Onto the Leadscrew gearbox, ooh good they used thrust bearings, filthy but with a wash in kero and fresh grease they'll do just fine


I was OCD about the apron to carriage installation and didnt like how they weren't bolted flush... So I threw them on the Douglas 10.5" shaper I got a few weeks earlier. Was the shapers first job aside from a test cut to figure the thing out. Cool, I probably wouldn't have been able to mount it on my Mill Drill.


Oh yeah, this pulley was a real b*tch to get off, needed to use short bolts and nuts behind it to press it off. I suggest drilling and tapping 2x m8 threads on a 76mm diameter and wind it off with long bolts. There is a 6206 bearing installed in pulley with OD of 62mm and the inner diameter of small V groove is 90mm making the difference 28mm / 2 = 14 + 62 = 76
I lazily put some gear pullers on it at first and it just broke chucks off the larger groove (son of a b*tch), so I am using the small groove right now until I make a new pulley, but with a VFD I can take my time...

Next Post (tomorrow) will show my headstock alignment. Using Rollies Dads method and shims.
Most enjoyable, thanks for this post, Mr Who.

How would you feel about putting a magnet in the oils sump?

Look forward to see alignment,but what are all these gearwheels for when Yuo
use VFD?
Very impressive undertaking. And always interesting to see what's under the hood of our machines. Look forward to the next installments. Thanks for taking the time to document.
How would you feel about putting a magnet in the oils sump?

Any metal filings coming from gears meshing etc will eventually find its way to the magnet and stay there, avoiding the bearings

Same as finding detergent free gear oil - the detergent traps foreign objects and gunk in the oil (normally to head for the filter) detergent free oil lets it settle on the bottom, avoiding bearings.
So, using Rollie's Dad's Method, a pdf I found here

Starting out, I'm using a aluminium roller from a scrapped photocopier (CNC parts, and springs!.. lots of springs) the roller is made to high tolerances and smoothness. My 3 jaw chuck however, is China's 'finest' (came with the lathe)

Using the toolpost mounted plunger and a DTI on a magnetic base made testing quicker
Runout was 0.04mm at the chuck, zeroing the dials in the middle, and going to the other end, 250mm, it averaged out that shaft runout was 0.18mm.


My horizontal dial reached 0.34mm, but the vertical stayed true (-0.09 to +0.09). So I had to pull it over 0.25mm... time for some shims on the V groove to kick it over


Despite having sheets of shim stock on hand, an old set of feeler gauges has much more selection to choose from. I had used this set to tram the collumn of my Mill Drill previously

Cutting to shape and checking thickness...

An equal shim on diagonal opposites of the V groove leaves the vertical alignment alone but kicks the headstock to the side

Motor side of V here


Operator side back here

Bolting it down and testing it out numerous times to see how close I could get it, I ended up with 0.01mm over 250mm.
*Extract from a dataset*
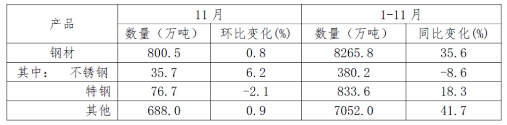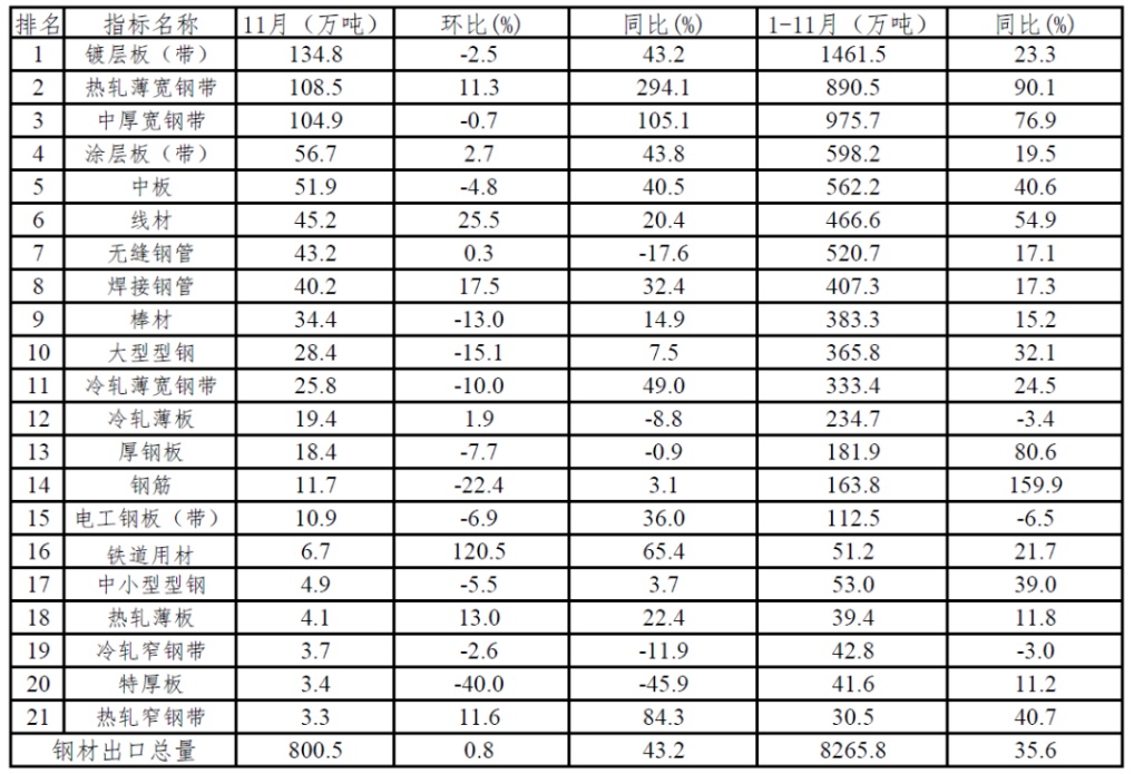 11月,我国出口钢材800.5万吨,环比增长6.6万吨,同比增长241.5万吨;出口平均单价810.9美元/吨,环比上涨2.4%,同比下跌38.4%。1-11月,出口钢材8265.8万吨,同比增长35.6%;出口平均单价947.4美元/吨,同比下跌32.2%;出口钢坯301.6万吨,同比增长205.6万吨;粗钢净出口7960.2万吨,同比增长3099.3万吨,增幅63.8%。

Mixing up the shims changed the vertical height quite a bit, even when the flat end of the head stock was bolted down to the bed...
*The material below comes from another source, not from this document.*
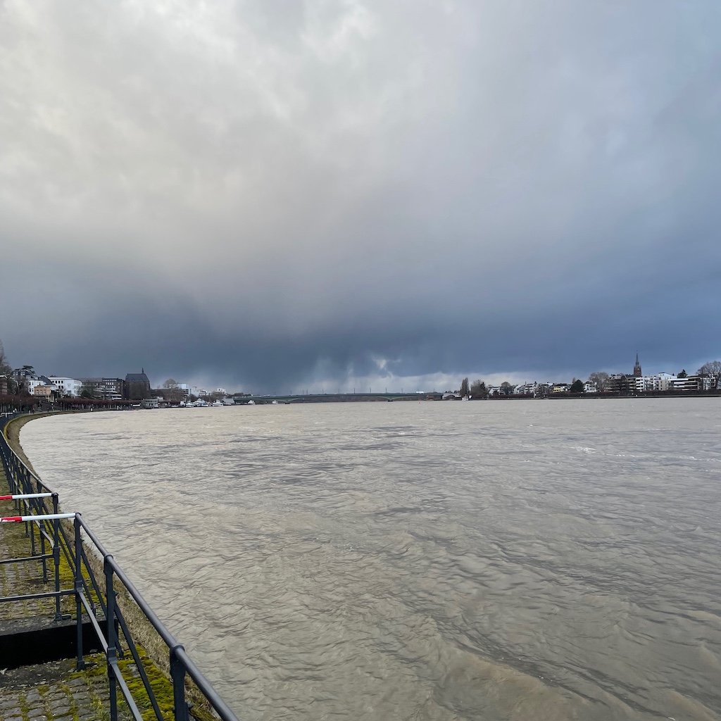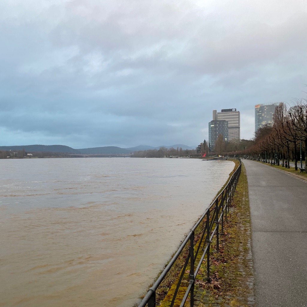 Anschließend unternahm ich bei nahezu frühlingsmilder Temperatur, von Vogelgesang begleitet, einen Spaziergang bis nach Graurheindorf und am Rhein entlang zurück. Die Begrünung der Bäume lässt noch auf sich warten, so langsam muss mal ein Schlussstrich unter den Winter gezogen werden, finde ich. Immerhin setzte der Regen aus, erst während des letzten Viertels der Runde fielen ein paar Tropfen, die mit dem Schirm problemlos abzuwehren waren.

I actually used the same method before I knew about Rollies dad when I restored and rescued a mini lathe.
I used aluminium foil as it was a lot thinner than shim stock that I had and managed to get the TIR to about 0.0005", which including skimming the back of the chuck as well.
It was a bit of a bother putting the shim in, trying it out then stripping down again until I had it right.

People don't seem to realise that with a little thought and effort, these Chinese machines can be got to perform like they were never expected to.

It is nice to see Rollie being used.
If a lathe like Yours is put on a real stable foundation like rock,marble, steel pipe with concrete etc a single shim under one of the lathe corners can easily twist 0.18 mm away.
Especially as the horizontal line up is OK.
Sometimes faster that way.
this forum is very best of of the best machine forums and every-time we get more and best knowledge from this.